In Wisconsin and 48 other states, people in that income group buy private plans. The sudden loss of CSR subsidies could increase premiums by 20 percent according to some estimates.
Senator Al Franken reacted sharply to the president's latest actions, including the executive orders and the decision to halt the CSR payments.
"It’s going to drive up the cost of health care and it’s going to drive up our deficit at the same time," Sen. Franken said, citing the scoring done by the nonpartisan Congressional Budget Office.
"This is so damaging to people. It’s an amazingly destructive thing to do."
The heads of three state agencies said insurance rates for 2018 had been set, and wouldn't be affected.
"While the President’s action will almost certainly create higher health insurance costs in the years ahead, it will not immediately impact health insurance rates or federal tax credits available during Minnesota’s upcoming open enrollment period," read a joint statement by Commerce Commissioner Mike Rothman, Human Services Commissioner Emily Piper Johnson and MNsure CEO Allison O'Toole.

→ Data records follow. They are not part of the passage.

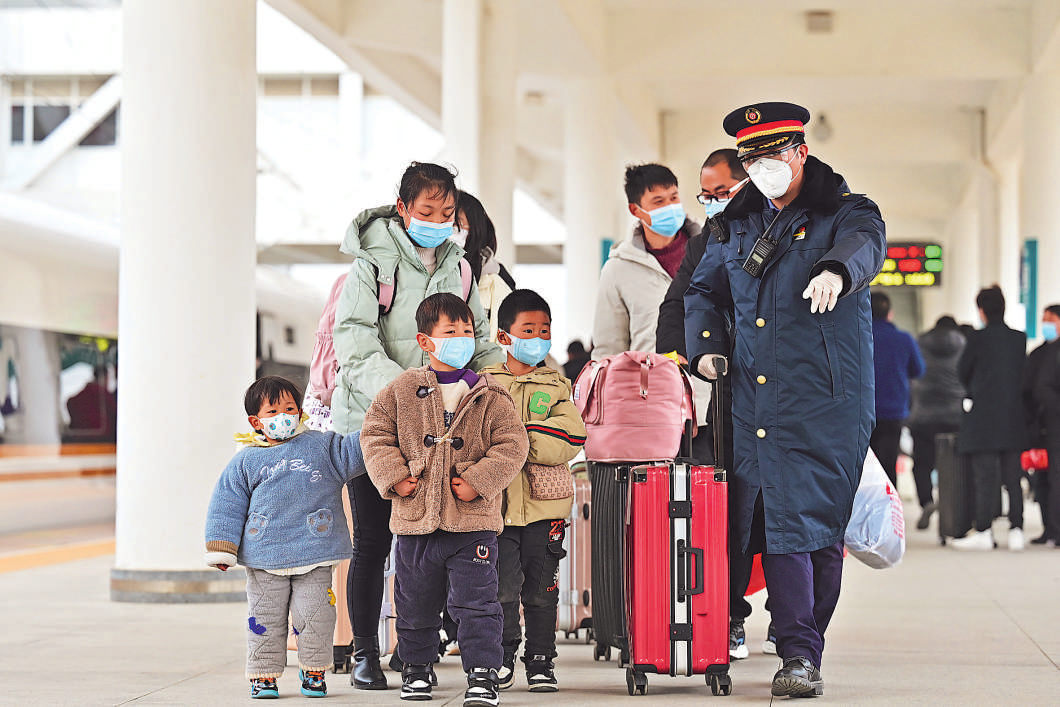 瑞雪兆豐年,啟航新征程。近日,我國部分地區(qū)迎來低溫雨雪天氣,伴隨著節(jié)后“復(fù)工潮”的到來,鐵路部門在應(yīng)對返程客流高峰的同時以雪為令、迅速行動,動態(tài)優(yōu)化客車開行方案,通過開行夜間高鐵列車、動車組重聯(lián)、增開臨客列車等措施,最大限度滿足旅客出行需求;積極開行“點對點”務(wù)工專列,助力務(wù)工人員順利返崗;深入開展志愿服務(wù)活動,情暖旅客返程之路。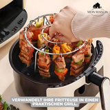 Sie lieben das Grillen, mögen aber keinen Rauch, Dreck und die lange Reinigung? Mit AirGrillPro können Sie saftige, gleichmäßig gegarte Spieße direkt aus Ihrer Heißluftfritteuse zubereiten – völlig rauch- und ölfrei. Einfach einsetzen, grillen und genießen.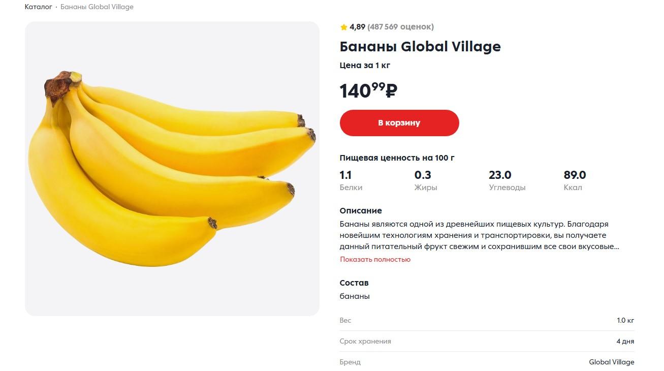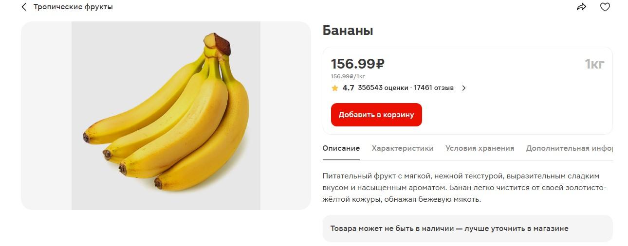 В «Пятерочке» стоимость бананов составляет 140,99 рубля за кг.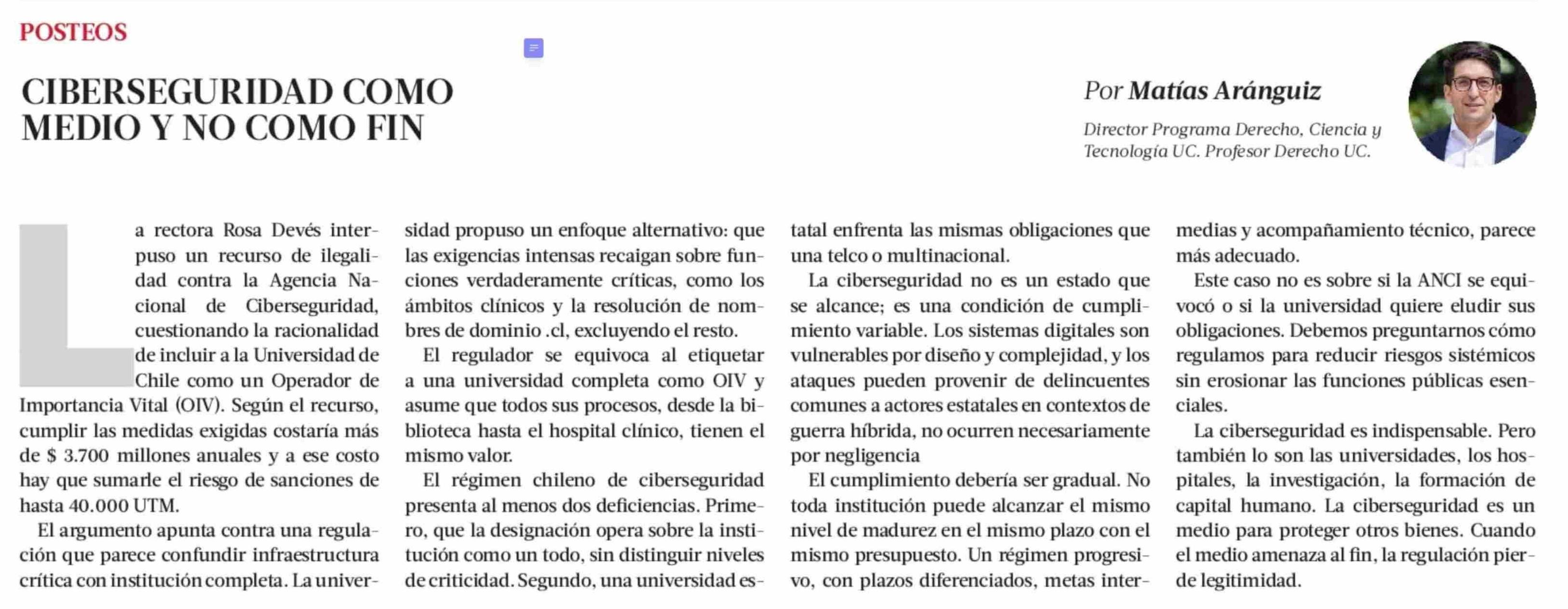 Columnas de Opinión: CIBERSEGURIDAD COMO MEDIO Y NO COMO FIN

The federal tax credits the commissioners referenced are instant discounts available to those who earn up to 400 percent of the federal poverty line. Those tax credits aren't affected by President Trump's action on the CSR subsidies.
This will be the second court battle over the CSR payments. US House Republicans in 2014 sued the Obama Administration, attempting to block the payments, citing the same lack of appropriations. The lawmakers won the first round in federal court but the Obama Administration appealed it.

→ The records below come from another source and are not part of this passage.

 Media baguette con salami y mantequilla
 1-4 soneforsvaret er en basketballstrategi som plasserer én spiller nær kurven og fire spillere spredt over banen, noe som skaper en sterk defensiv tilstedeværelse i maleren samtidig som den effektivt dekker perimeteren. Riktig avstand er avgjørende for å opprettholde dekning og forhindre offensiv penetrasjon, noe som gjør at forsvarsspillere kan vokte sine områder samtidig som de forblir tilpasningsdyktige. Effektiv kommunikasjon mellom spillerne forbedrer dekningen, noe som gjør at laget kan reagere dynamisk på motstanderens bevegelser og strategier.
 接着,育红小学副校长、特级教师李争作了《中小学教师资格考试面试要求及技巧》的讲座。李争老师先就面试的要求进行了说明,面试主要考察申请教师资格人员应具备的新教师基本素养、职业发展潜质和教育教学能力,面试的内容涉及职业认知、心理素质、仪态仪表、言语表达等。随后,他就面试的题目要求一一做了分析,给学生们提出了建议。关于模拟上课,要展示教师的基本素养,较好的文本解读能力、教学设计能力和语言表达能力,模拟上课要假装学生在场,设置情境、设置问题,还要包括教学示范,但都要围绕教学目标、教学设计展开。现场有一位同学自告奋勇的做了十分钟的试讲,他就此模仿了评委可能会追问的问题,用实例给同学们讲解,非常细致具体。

When it became clear the Trump Administration wouldn't take up the fight, Minnesota and other states intervened in the case in order to defend the CSR payments. But that first case has been on hold, or in abeyance, based on the notion that Congress will find a political resolution to the dispute.
Trump filed a motion in that first case, notifying the courts the government is stopping payments because the White House agrees with Republican lawmakers who brought the original lawsuit.

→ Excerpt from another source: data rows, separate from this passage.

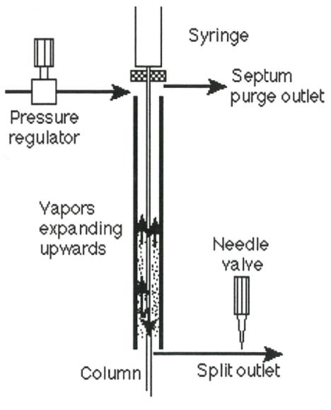 由于顶空分析主要是痕量分析,分流流速通常比上述30-60毫升/分钟低得多。这留下了以相应降低的速率注入蒸汽或者将蒸汽暂时储存在汽化室中的选择。后者符合惯例。如果注入的样品多于同时流出的气体,则必须在注入系统中更换载气。带有合理设计的后压力调节器和分流出口针阀的注射器,其气源内部体积较大,分流出口内部体积较小,导致样品后向膨胀(图2)。需要一个长的注射器针头,使样品从色谱柱入口附近的一个点向后膨胀。如果衬管长80毫米,柱进入5毫米,注射头高约12毫米,注射器针头长约80毫米。常用的5 cm针进入内胆不到4 cm,只使用上半腔。以这种方式注入的500l已溢出注射器衬套,导致样品材料通过隔膜吹扫出口排出或穿透载气供应管线。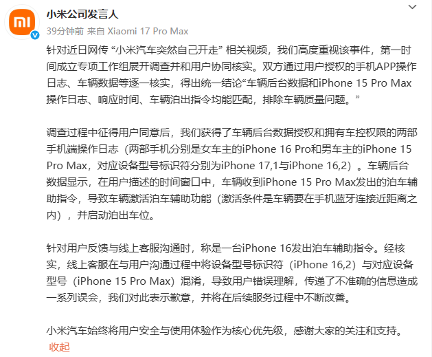 针对近日网传 “小米汽车突然自己开走” 相关视频,我们高度重视该事件,第一时间成立专项工作组展开调查并和用户协同核实。双方通过用户授权的手机APP操作日志、车辆数据等逐一核实,得出统一结论“车辆后台数据和iPhone 15 Pro Max操作日志、响应时间、车辆泊出指令均能匹配,排除车辆质量问题。”
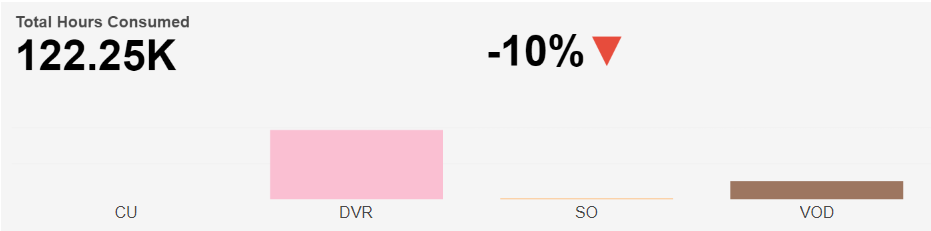 Below this, the report shows a bar chart for Total Hours Consumed, split into four watch categories: CU, DVR, SO, and VOD, based on the selected time interval.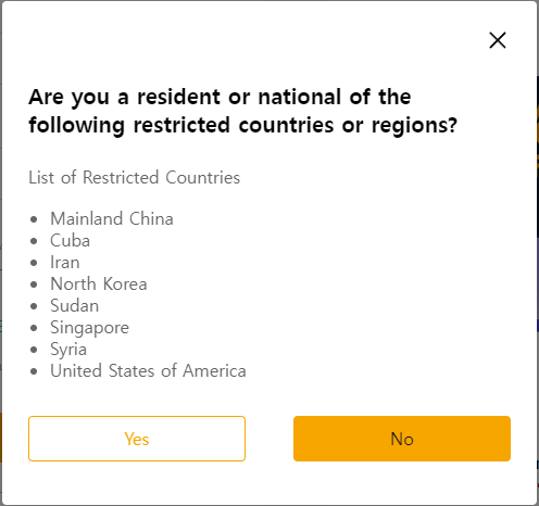 바이비트에서 허용하지 않는 국가들이다. 우리나라(South Korea)가 없으므로 No를 누른다.

There are concern that the loss of CSR payments could eventually impact the larger group of 100,000 Minnesota Care enrollees, but Attorney General Swanson said the latest order from the Trump Administration wouldn't have an immediate impact on that program.
The president's action on the cost-sharing subsidies came hours after he signed an executive order that would allow persons to buy health plans that don't contain the all of the minimum coverage required by the Affordable Care Act. The orders would also remove barriers to buying policies sold in other states.